- **GIVEN ENTRIES**:
· · ·

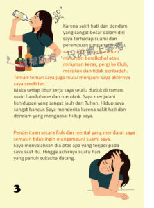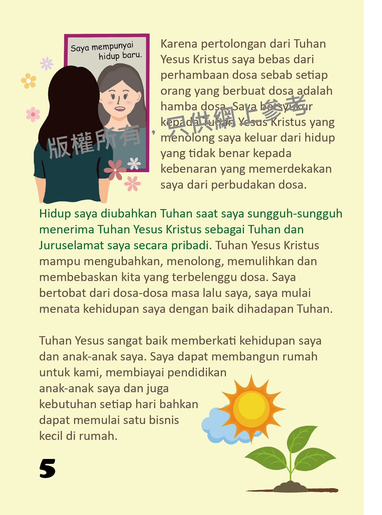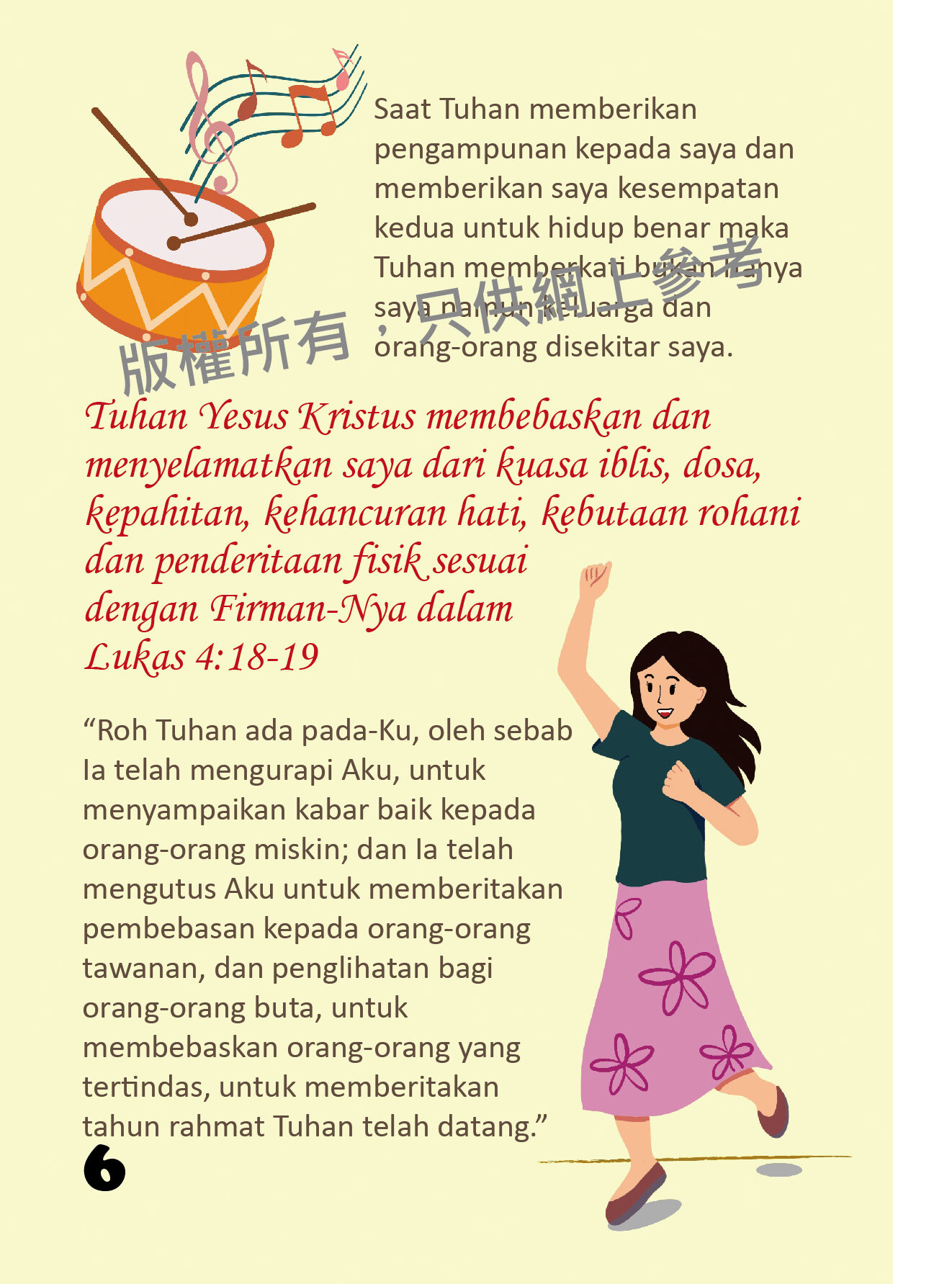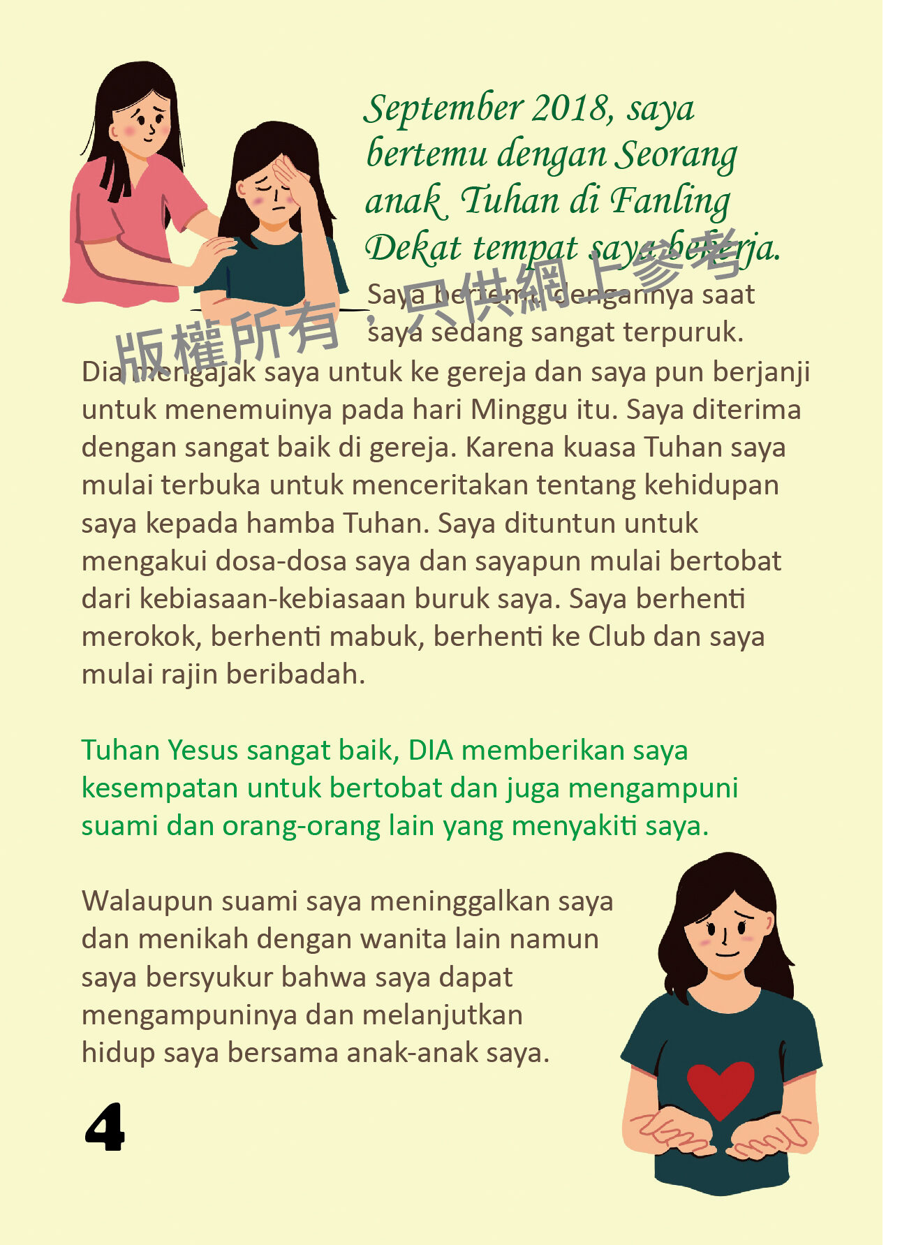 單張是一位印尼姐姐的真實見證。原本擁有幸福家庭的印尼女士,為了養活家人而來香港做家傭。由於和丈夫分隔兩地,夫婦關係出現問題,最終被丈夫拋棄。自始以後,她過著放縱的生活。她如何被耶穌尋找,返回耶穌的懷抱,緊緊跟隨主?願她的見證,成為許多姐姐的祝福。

· · ·

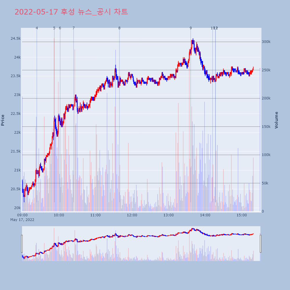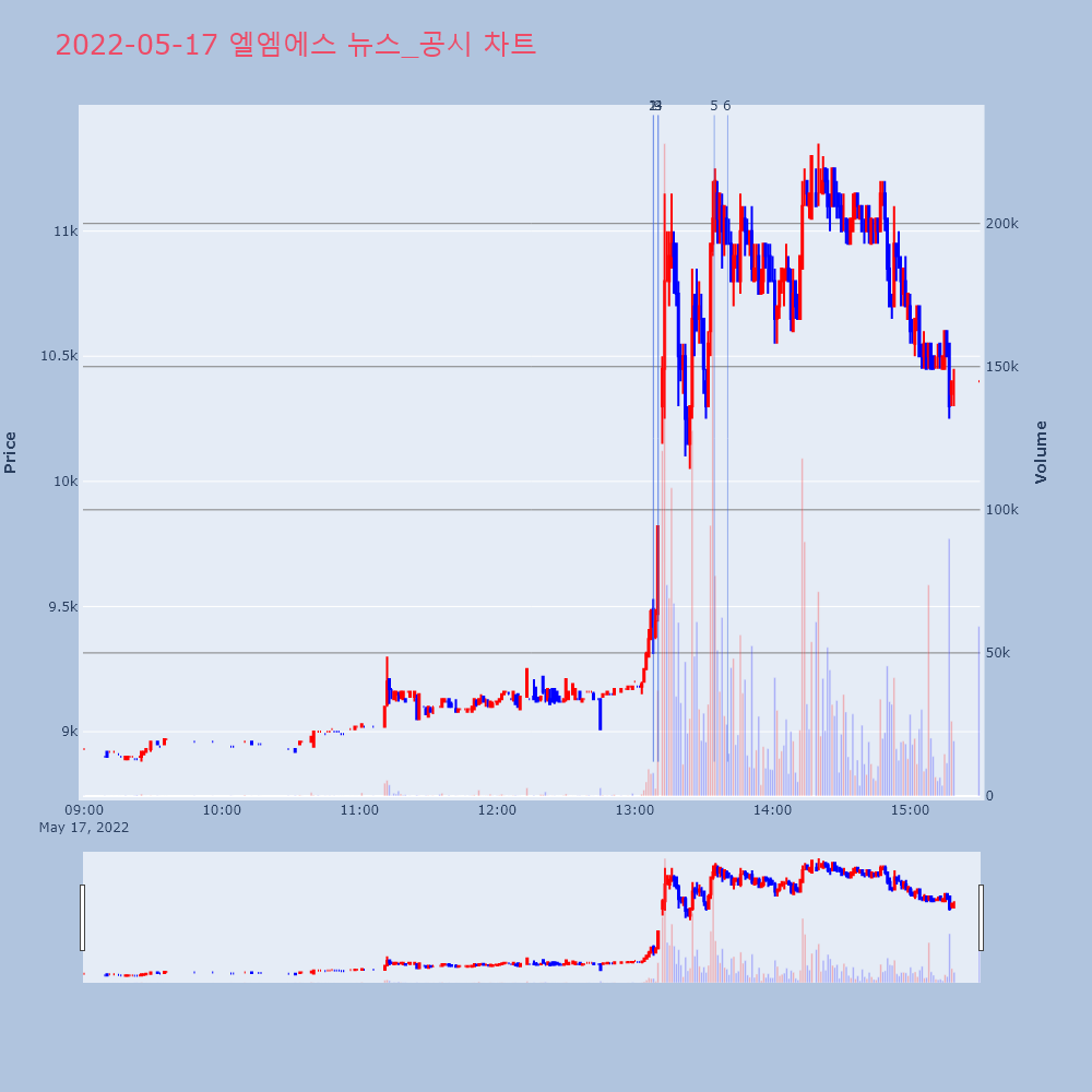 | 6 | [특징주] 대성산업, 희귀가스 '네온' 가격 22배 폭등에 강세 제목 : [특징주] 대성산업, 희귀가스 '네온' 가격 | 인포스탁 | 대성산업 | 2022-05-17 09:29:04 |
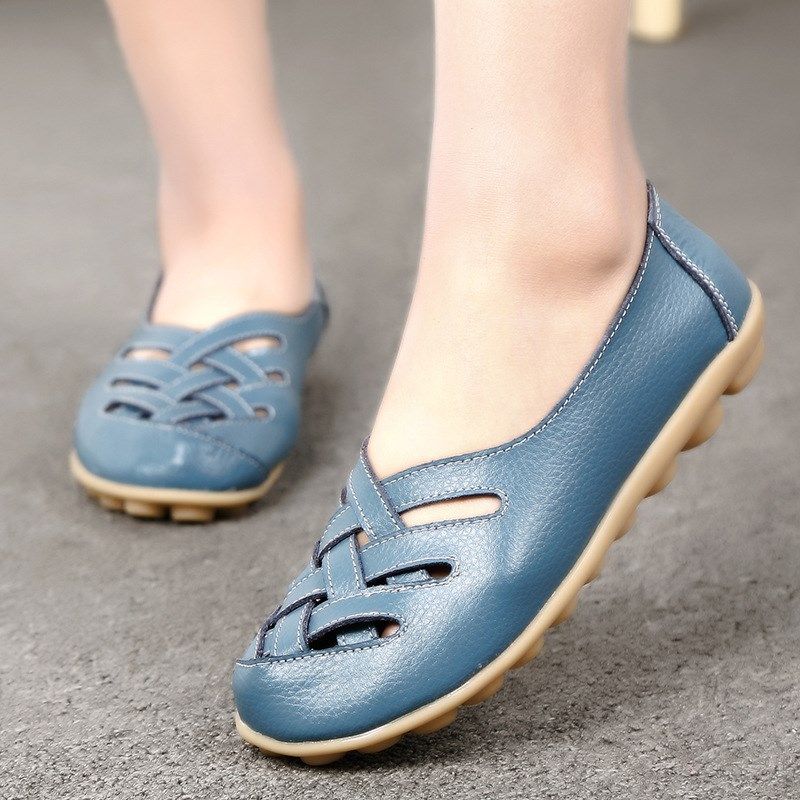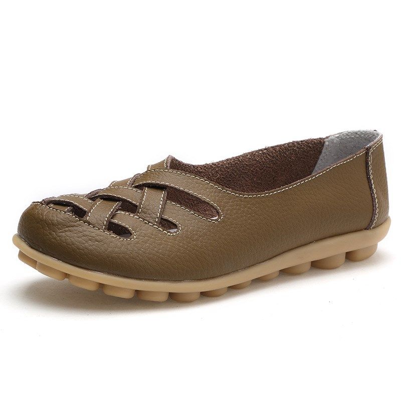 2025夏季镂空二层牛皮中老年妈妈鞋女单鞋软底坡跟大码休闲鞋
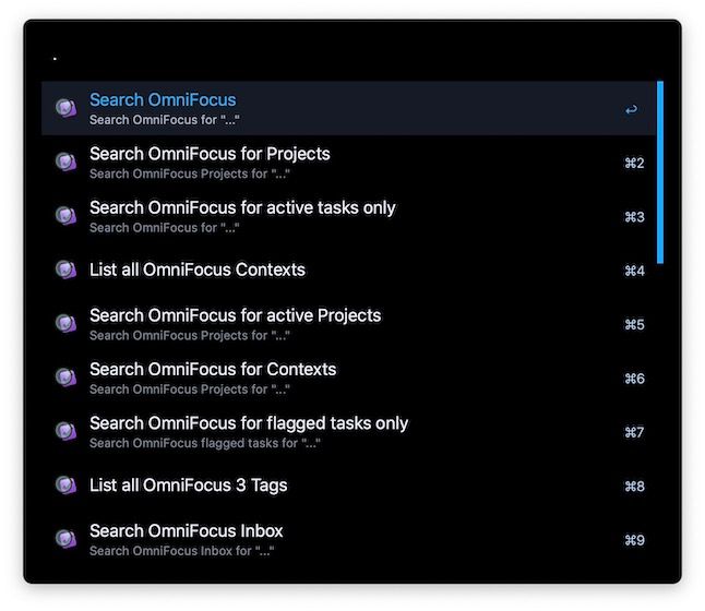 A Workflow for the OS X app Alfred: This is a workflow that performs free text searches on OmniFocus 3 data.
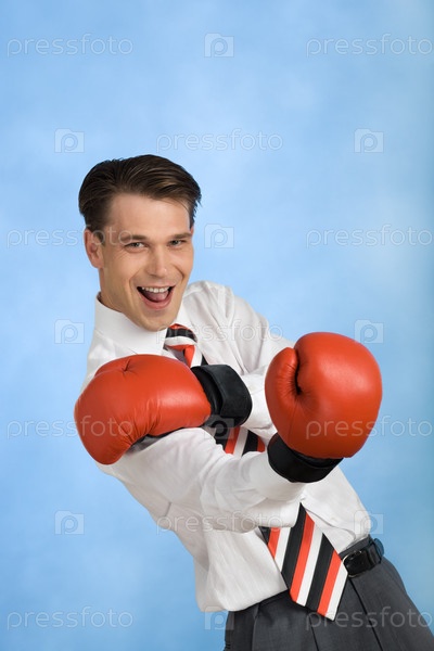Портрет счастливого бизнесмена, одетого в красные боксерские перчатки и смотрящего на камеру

· · ·

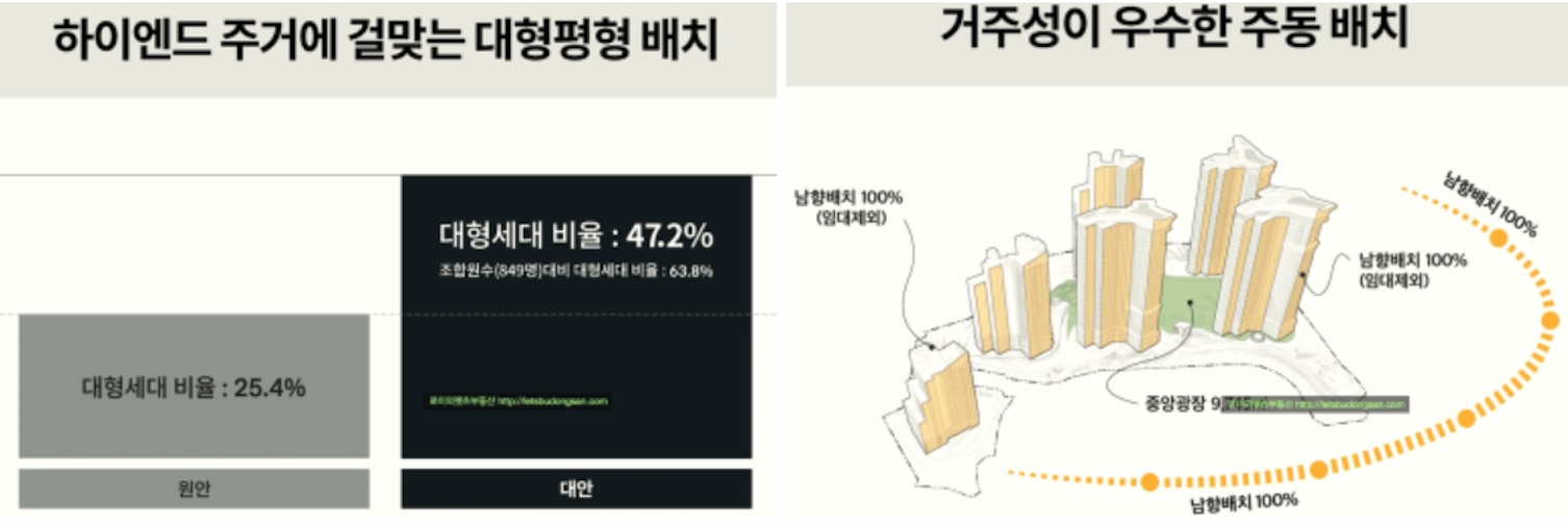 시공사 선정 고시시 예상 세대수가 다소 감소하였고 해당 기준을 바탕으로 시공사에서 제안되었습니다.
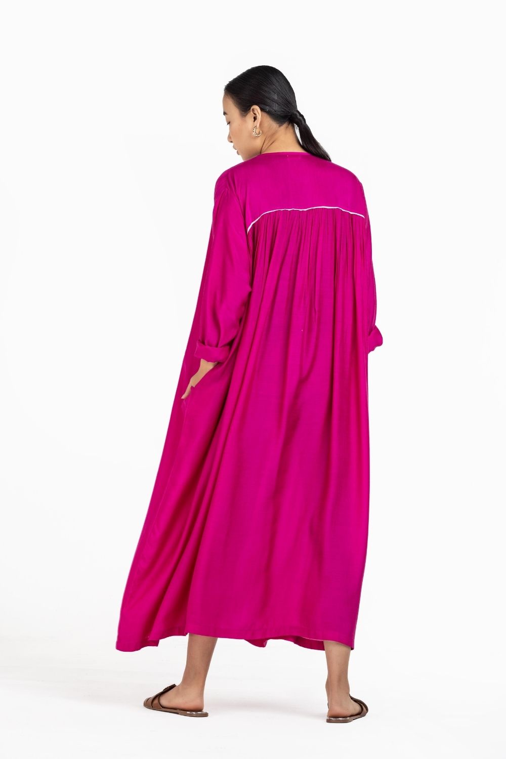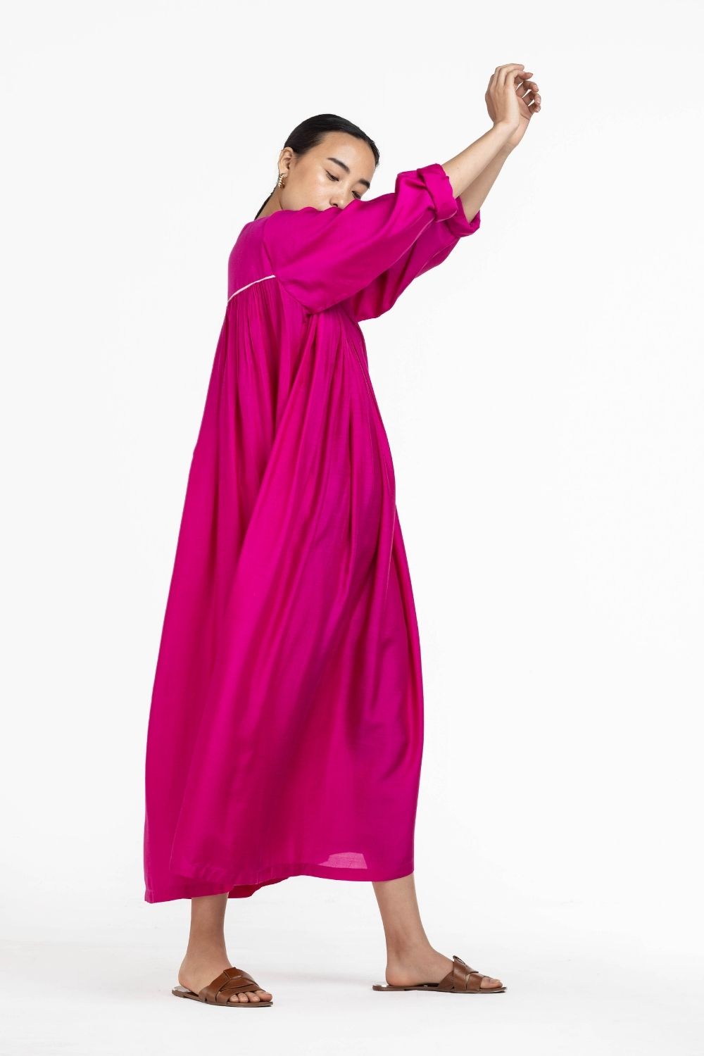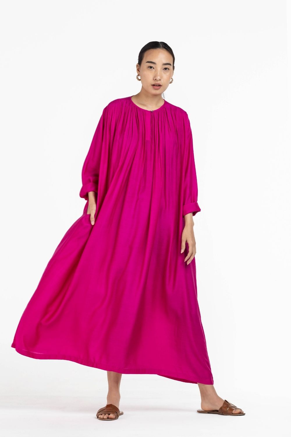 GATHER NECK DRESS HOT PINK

· · ·

- **PROBLEM REQUIREMENTS**: Starting with the line above that holds "2022-05-17 09:29:04 |", restate each line word for word up to and including the line that holds "Портрет счастливого бизнесмена, одетого". Drop the pictures.

- **RESPONSE TO THE EXERCISE**:
 | 6 | [특징주] 대성산업, 희귀가스 '네온' 가격 22배 폭등에 강세 제목 : [특징주] 대성산업, 희귀가스 '네온' 가격 | 인포스탁 | 대성산업 | 2022-05-17 09:29:04 |
 2025夏季镂空二层牛皮中老年妈妈鞋女单鞋软底坡跟大码休闲鞋
 A Workflow for the OS X app Alfred: This is a workflow that performs free text searches on OmniFocus 3 data.
Портрет счастливого бизнесмена, одетого в красные боксерские перчатки и смотрящего на камеру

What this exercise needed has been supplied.